Action item
Word for word, restate the data that follows, omitting the images.

Supplied data
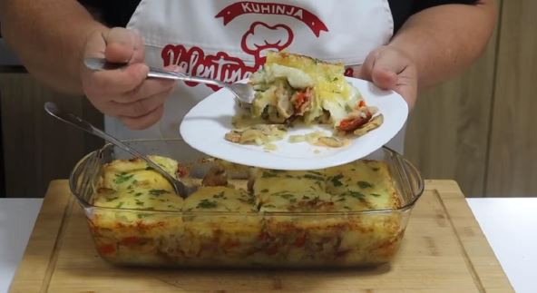 Izrezati krompir i staviti da se kuva oko 10, 15 minuta i posoliti. Za fil: Propržiti luk, pa dodati sitno seckane paprike i pržiti. Dodati listiće šampinjona, pa sve zajedno dinstati. Dodati iseckanu slaninu i kobasicu iseckanu na kolutove, pa začiniti. Pržiti oko 10 ak minuta. Kuvanom krompiru dodati rendani sir, peršun, začine i mleko pa napraviti pire. Podmazati vatrostalnu posudu i sipati polovinu pirea, da se prekrije dno. Izručiti sav fil preko pirea i ravnomerno rasporediti. Prekriti ostatkom smesne pirea, pa dodati oko 150 g rendanog sira. Peći na 200 stepeni, oko 20 minuta.
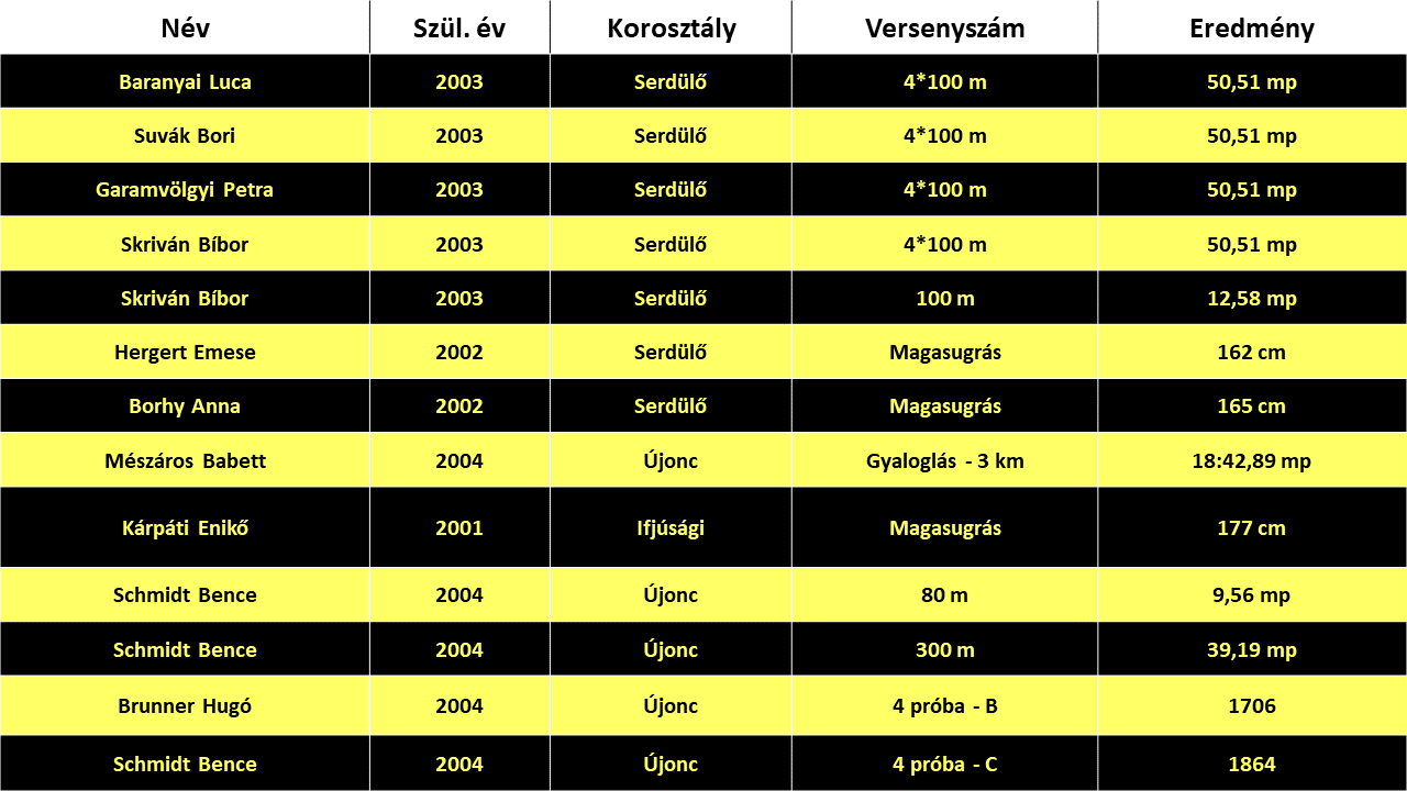 - Erát Kristóf 1 alkalommal, Farkas Bence 4 alkalommal futott a korosztályos 4×100 m-es válogatott váltóval felkészülési versenyen
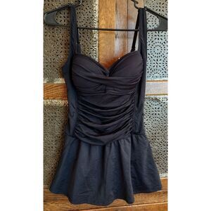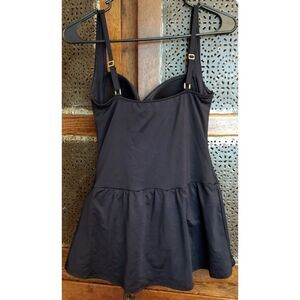 NWT La Blanca Island Goddess Skirted One Piece Swimsuit, Size 6, Black/Gold. This Swimsuit features an over the shoulder style with ruched top, built in padded cups, skirted bottom and adjustable straps with gold colored hardware. Self: Made from 85% Nylon and 15% Elastane. Hand Wash Only! See photos for more detail and material and care information.
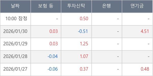 [표] 주요 기관별 순매매량 (단위 만주)

Result of the exercise
 Izrezati krompir i staviti da se kuva oko 10, 15 minuta i posoliti. Za fil: Propržiti luk, pa dodati sitno seckane paprike i pržiti. Dodati listiće šampinjona, pa sve zajedno dinstati. Dodati iseckanu slaninu i kobasicu iseckanu na kolutove, pa začiniti. Pržiti oko 10 ak minuta. Kuvanom krompiru dodati rendani sir, peršun, začine i mleko pa napraviti pire. Podmazati vatrostalnu posudu i sipati polovinu pirea, da se prekrije dno. Izručiti sav fil preko pirea i ravnomerno rasporediti. Prekriti ostatkom smesne pirea, pa dodati oko 150 g rendanog sira. Peći na 200 stepeni, oko 20 minuta.
 - Erát Kristóf 1 alkalommal, Farkas Bence 4 alkalommal futott a korosztályos 4×100 m-es válogatott váltóval felkészülési versenyen
 NWT La Blanca Island Goddess Skirted One Piece Swimsuit, Size 6, Black/Gold. This Swimsuit features an over the shoulder style with ruched top, built in padded cups, skirted bottom and adjustable straps with gold colored hardware. Self: Made from 85% Nylon and 15% Elastane. Hand Wash Only! See photos for more detail and material and care information.
 [표] 주요 기관별 순매매량 (단위 만주)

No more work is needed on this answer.